What to work on -> Find "Every piece of" in the listing below, then set down only that line and each later line, unchanged, leaving out pictures.

Available data ->

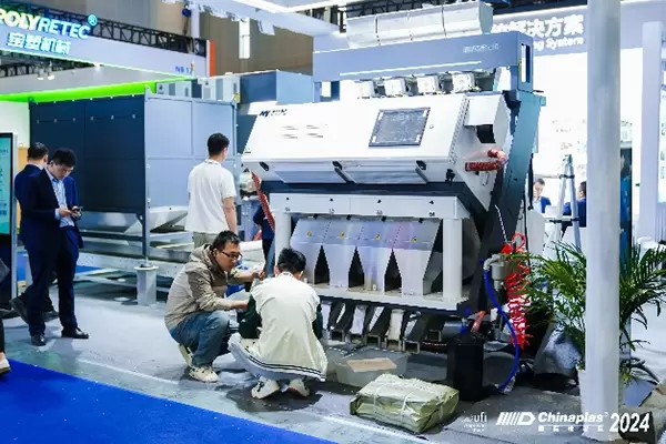 “同级循环×瓶到瓶闭环回收”联机演示将包含材质分选、挤出造粒、水下切粒、固相增粘、注吹成型这5个工艺。分别由美亚光电、艾斯瑞特、兆合机械、小班机械所提供的。这是首次在展会现场完整呈现PET同级循环的生产过程。
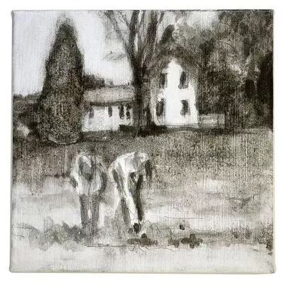 Every piece of art has a backstory, but Lucy Kirkman Allen’s is one for the books. She and her husband bought an 1800s farmhouse in rural Virginia from a man named James. Not long after they moved in, James showed the couple his most prized photograph. In it, three women are standing in front of the farmhouse. Two are holding cats and the third is holding a handwritten placard with a message: We are here in the past, come visit in your time machine. James had a whole album of black and white photographs, mostly of women and young children, and agreed to loan it to Allen. When a Man’s House Is Finished is a collection of acrylic and oil painted replicas of photos from the album.
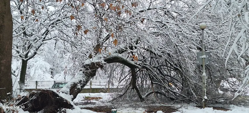 В община Враца на дежурния телефон има сигнали за паднали клони и счупени дървета. Към момента снегът натежава върху клоните и ги чупи.

Result of this exercise ->
 Every piece of art has a backstory, but Lucy Kirkman Allen’s is one for the books. She and her husband bought an 1800s farmhouse in rural Virginia from a man named James. Not long after they moved in, James showed the couple his most prized photograph. In it, three women are standing in front of the farmhouse. Two are holding cats and the third is holding a handwritten placard with a message: We are here in the past, come visit in your time machine. James had a whole album of black and white photographs, mostly of women and young children, and agreed to loan it to Allen. When a Man’s House Is Finished is a collection of acrylic and oil painted replicas of photos from the album.
 В община Враца на дежурния телефон има сигнали за паднали клони и счупени дървета. Към момента снегът натежава върху клоните и ги чупи.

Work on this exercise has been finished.